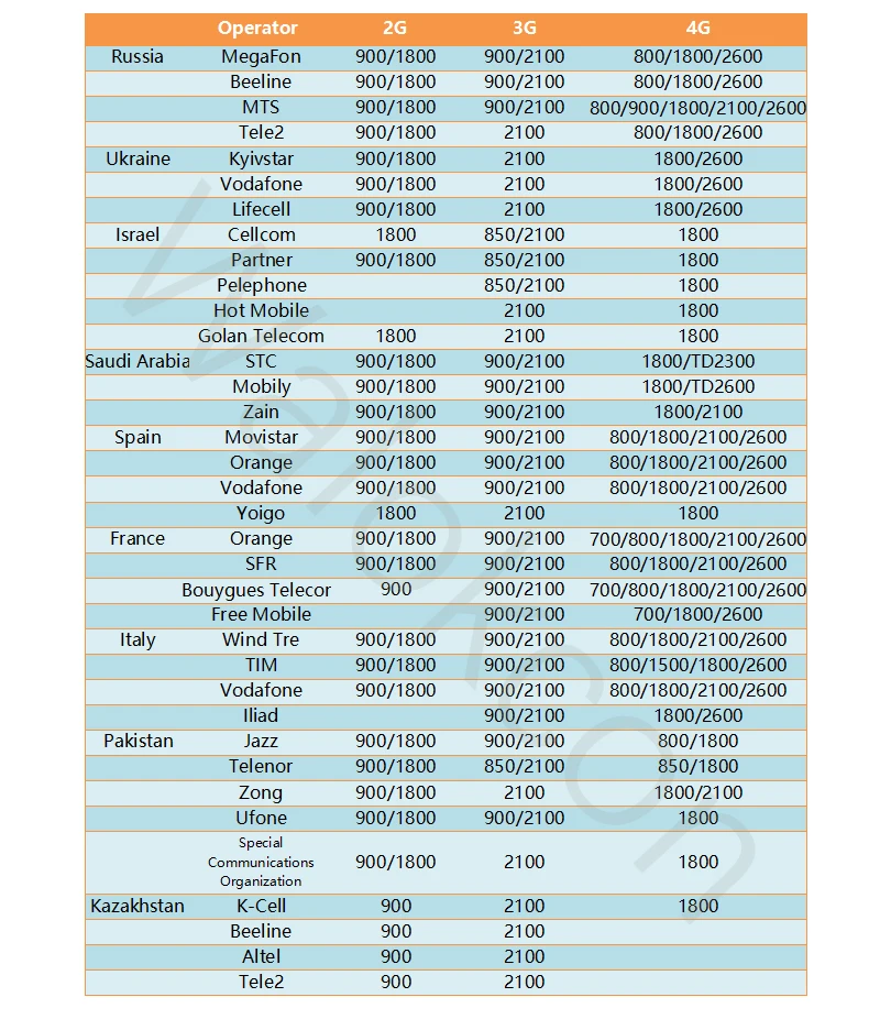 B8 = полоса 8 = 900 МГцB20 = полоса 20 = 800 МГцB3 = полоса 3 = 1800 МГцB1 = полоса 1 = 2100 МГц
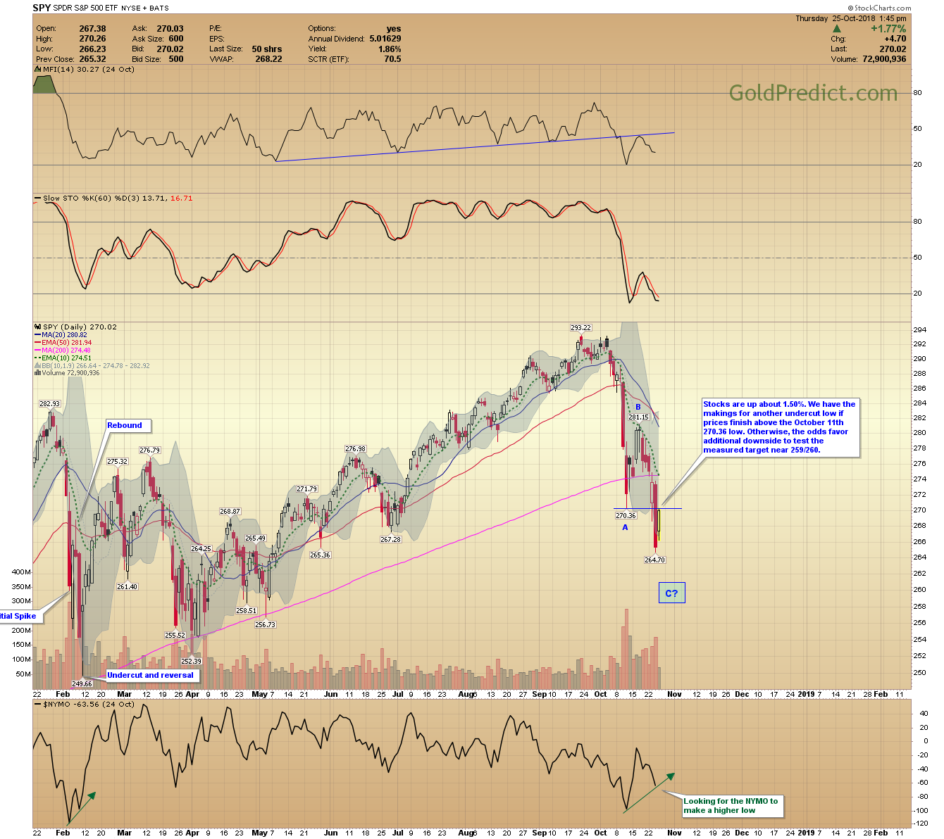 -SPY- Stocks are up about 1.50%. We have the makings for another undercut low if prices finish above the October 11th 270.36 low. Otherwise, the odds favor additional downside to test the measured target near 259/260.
****************
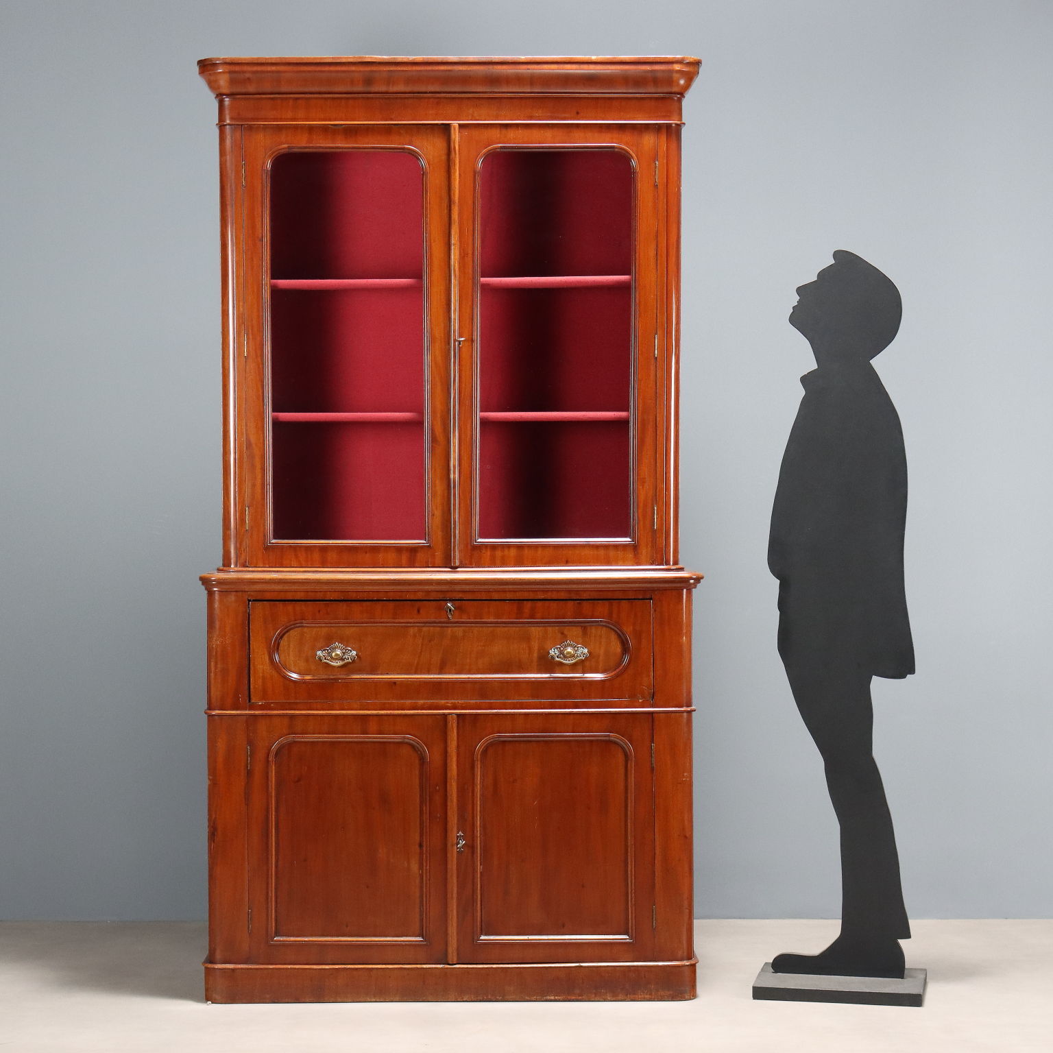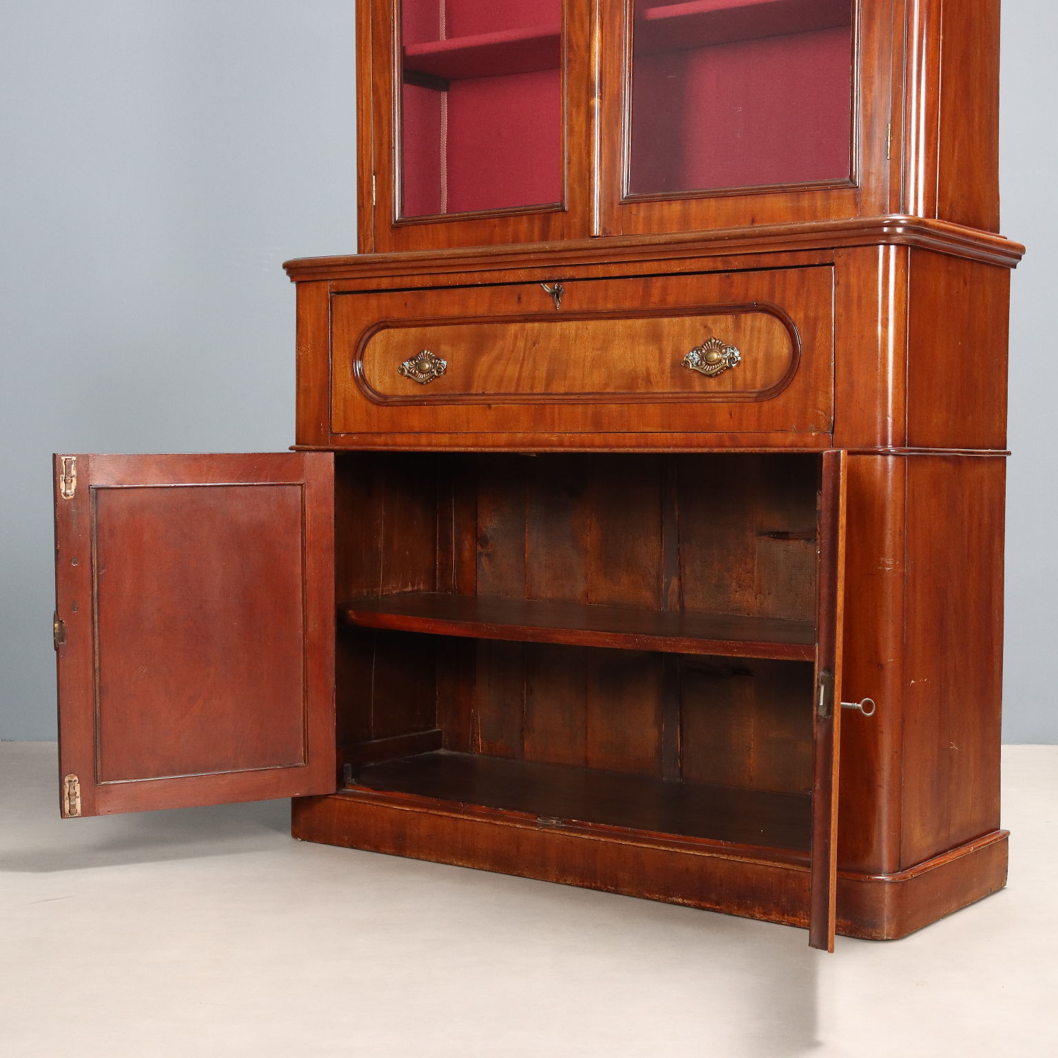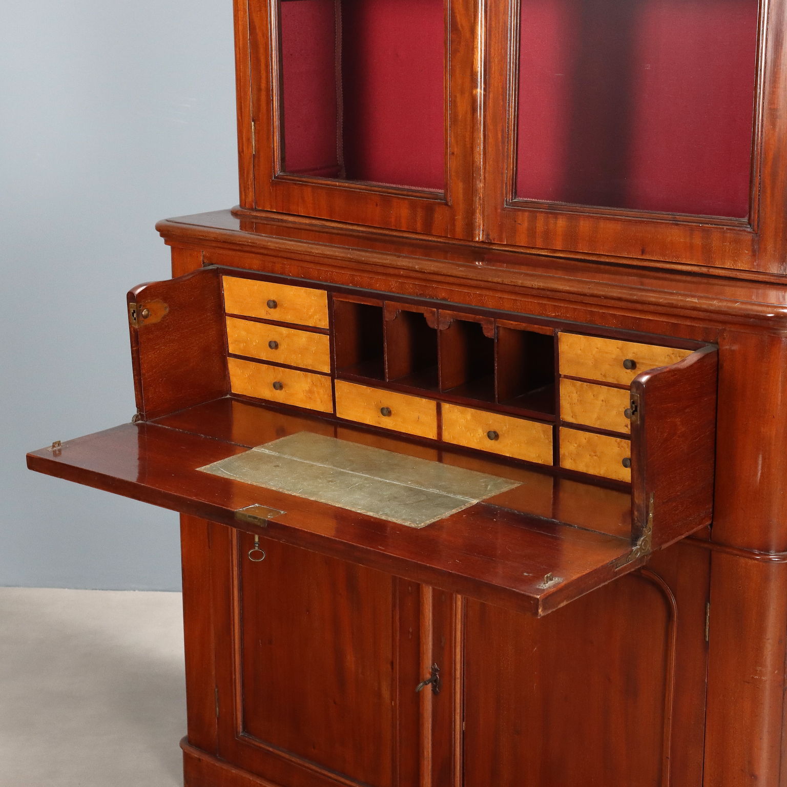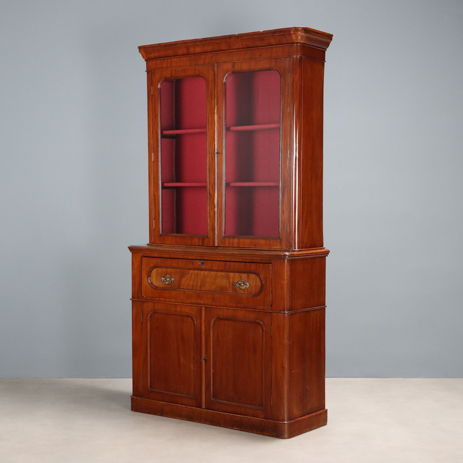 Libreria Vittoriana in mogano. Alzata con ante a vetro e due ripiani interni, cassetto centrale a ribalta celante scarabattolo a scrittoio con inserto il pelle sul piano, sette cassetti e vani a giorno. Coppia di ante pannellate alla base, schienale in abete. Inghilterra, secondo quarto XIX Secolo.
****************
◆ **Problem statement**: Print the part of the listing above that opens with the line containing "B8 = полоса" and closes with the line containing "-SPY- Stocks are". Copy it exactly, both ends included, and omit the pictures.

◆ **Solution**:
 B8 = полоса 8 = 900 МГцB20 = полоса 20 = 800 МГцB3 = полоса 3 = 1800 МГцB1 = полоса 1 = 2100 МГц
 -SPY- Stocks are up about 1.50%. We have the makings for another undercut low if prices finish above the October 11th 270.36 low. Otherwise, the odds favor additional downside to test the measured target near 259/260.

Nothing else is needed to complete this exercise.